I would presume the simple backslash-replace method also goes wrong if you turn off the backslash-escapes (which are themselves non-compliant with ANSI SQL), using NO_BACKSLASH_ESCAPE sql_mode in MySQL or standard_conforming_strings conf in PostgreSQL (which the PostgreSQL devs have been threatening to do for a couple of versions now).

The only real solution is to use the little-known LIKE...ESCAPE syntax to specify an explicit escape character for the LIKE-pattern. This gets used instead of the backslash-escape in MySQL and PostgreSQL, making them conform to what everyone else does and giving a guaranteed way to include the out-of-band characters. For example with the = sign as an escape:

# look for term anywhere within title
term= term.replace('=', '==').replace('%', '=%').replace('_', '=_')
sql= "SELECT * FROM things WHERE description LIKE %(like)s ESCAPE '='"
cursor.execute(sql, dict(like="%"+term+'%'))

This works on PostgreSQL, MySQL, and ANSI SQL-compliant databases (modulo the paramstyle of course which changes on different db modules).

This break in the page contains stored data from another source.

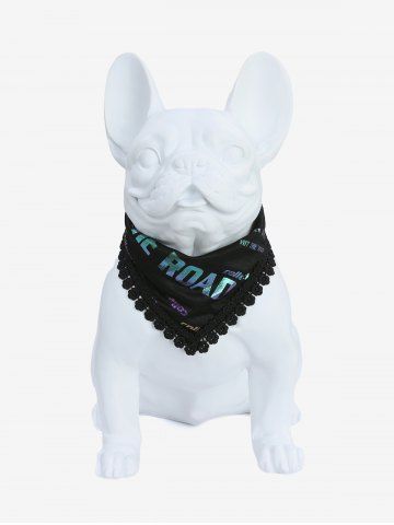 Pet's Glitter Ombre Letters Print Lace Trim Tied Bandana Bibs - Black - L
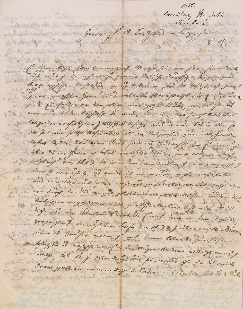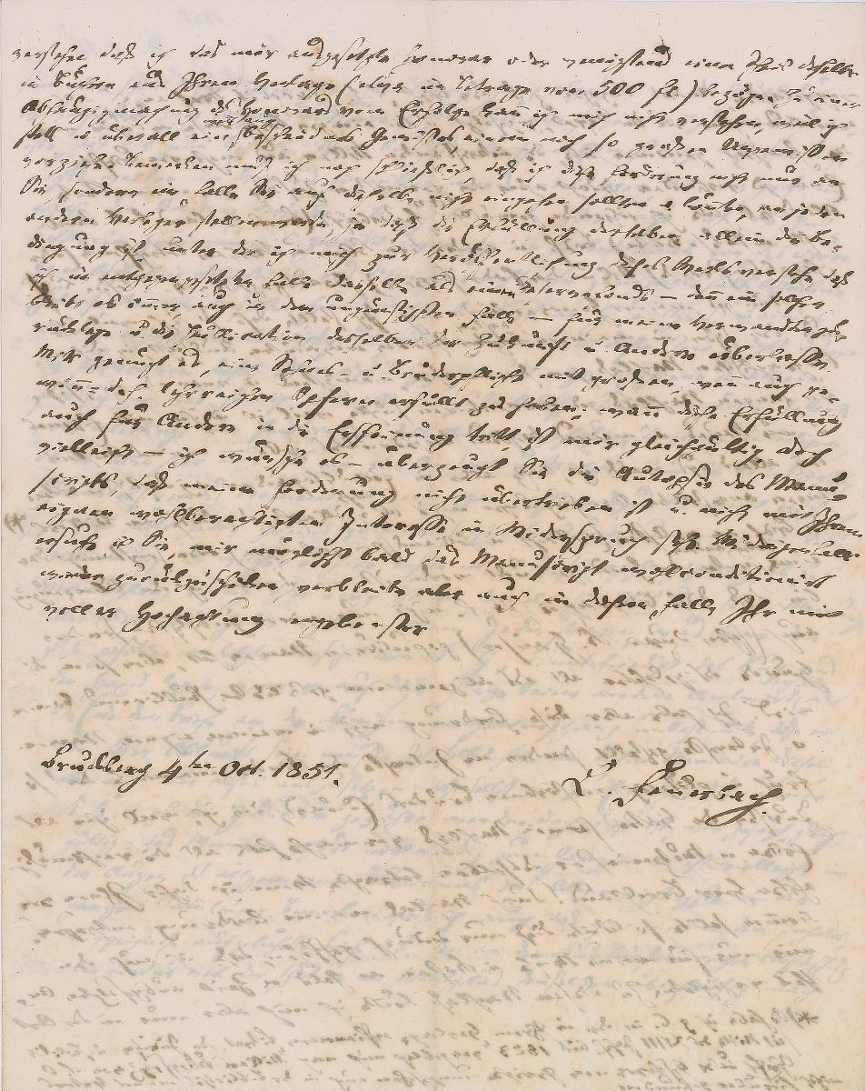 German philosopher and anthropologist (1804–1872) whose book The Essence of Christianity influenced the minds of Karl Marx and Friedrich Engels. Lengthy ALS in German, signed “L. Feuerbach,” four pages on two adjoining sheets, 8.25 x 10.5, October 4, 1851. Mostly untranslated letter to the publishing house Brockhaus concerning the manuscript for Paul Johann Anselm Ritter von Feuerbach’s Life and Work, published by his son Ludwig Feuerbach, stating that two parts are missing, one of them being “the document presented to Queen Caroline…concerning K. Hauser, in which F. finds probable cause that K. H. really is the one the rumor, namely in Baden, says he is…Personally, I see only one fault in the document: the fact that even some of K. H.’s dreams are taken as evidence, but that is of no importance: this document is an essential part and may well be the most important piece of all in the collection.” Central vertical and horizontal folds with a stain to the first sheet, and show-through from writing to opposing sides, otherwise fine condition. Ludwig Feuerbach’s father, Paul Johann Anselm Ritter von Feuerbach, was an eminent German legal scholar who played a major part in the influential reform of the Bavarian penal code.
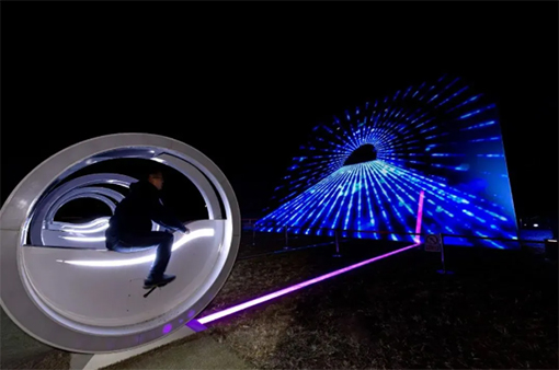 朝陽公園南門內(nèi),《寰宇矩陣》光影項(xiàng)目憑借2臺(tái)32000流明的松下PT-SRZ33KC在高大紗幕上演繹機(jī)械、電子等元素的躍動(dòng)變幻,科技感十足;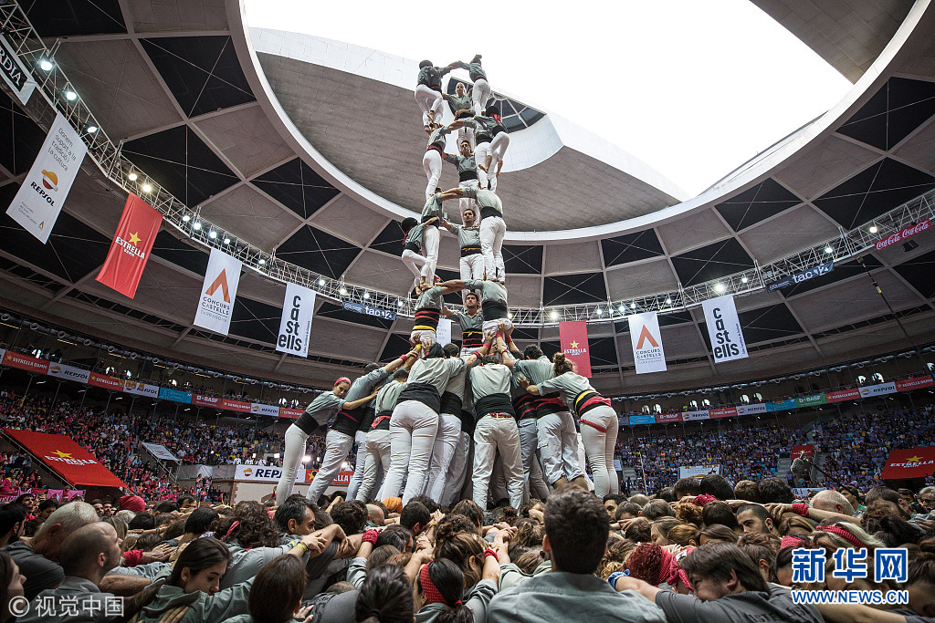 西班牙举行搭人塔比赛 花式“叠罗汉”蔚为壮观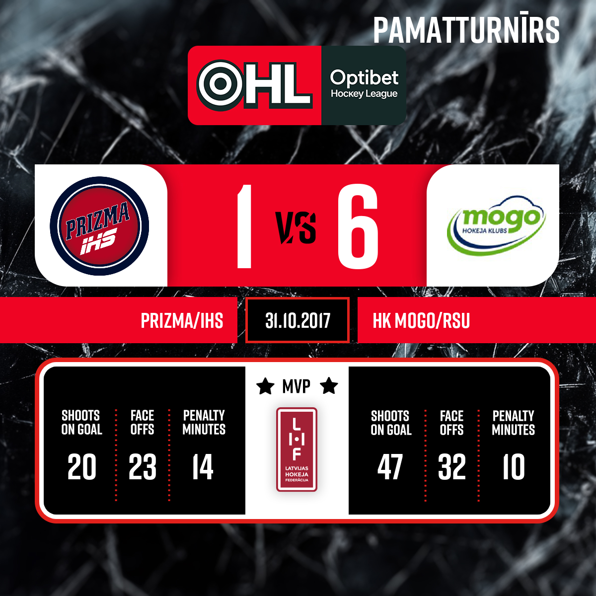 - 60:003.PSpēles labākie spēlētāji: HK Prizma - Andrejs Smirnovs; HK Mogo - Andrejs Lavrenovs
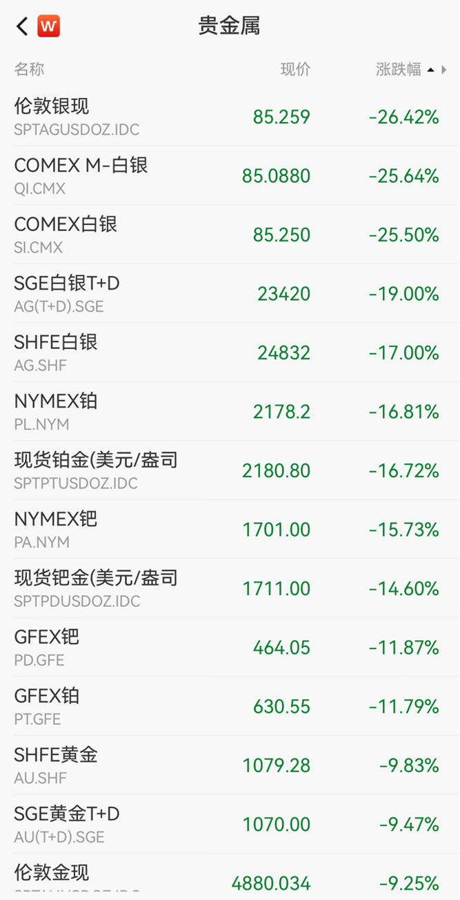 先看贵金属收盘数据:现货白银盘中最高暴跌至36%,最后报收85.259美元/盎司,日跌26.42%,跌回到1月13日左右价格。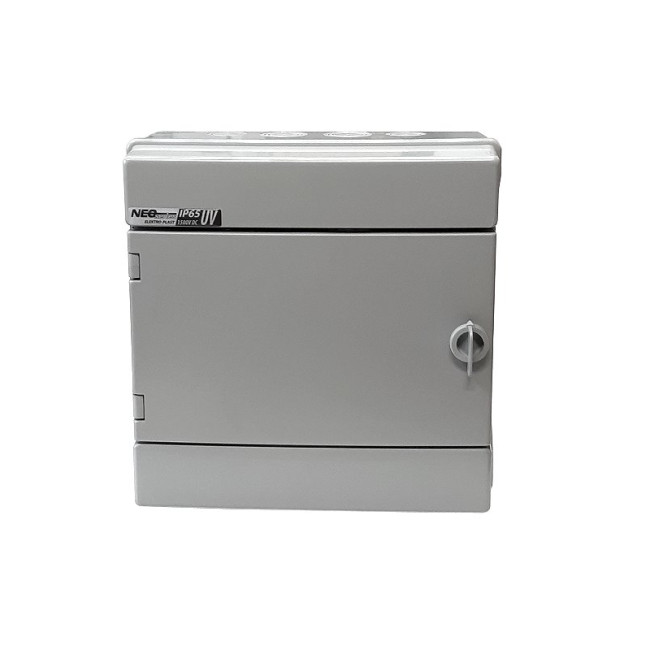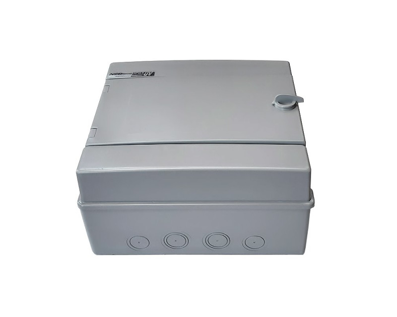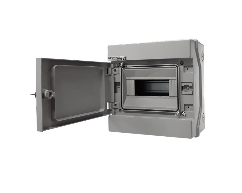 Vysoce kvalitní hermetický rozvaděč z plastu odolného proti UV záření řady RH "NEO" UV pro střídavé napětí (AC) a vyhrazené stejnosměrné (DC) napětí pro fotovoltaiku. Určený pro domácí a průmyslové použití s možností instalace nadproudových jističů a elektrických přístrojů.

There may still be a problem with MS SQL Server/Sybase, which apparently also allows [a-z]-style character groups in LIKE expressions. In this case you would want to also escape the literal [ character with .replace('[', '=['). However according to ANSI SQL escaping a character that doesn’t need escaping is invalid! (Argh!) So though it will probably still work across real DBMSs, you’d still not be ANSI-compliant. sigh…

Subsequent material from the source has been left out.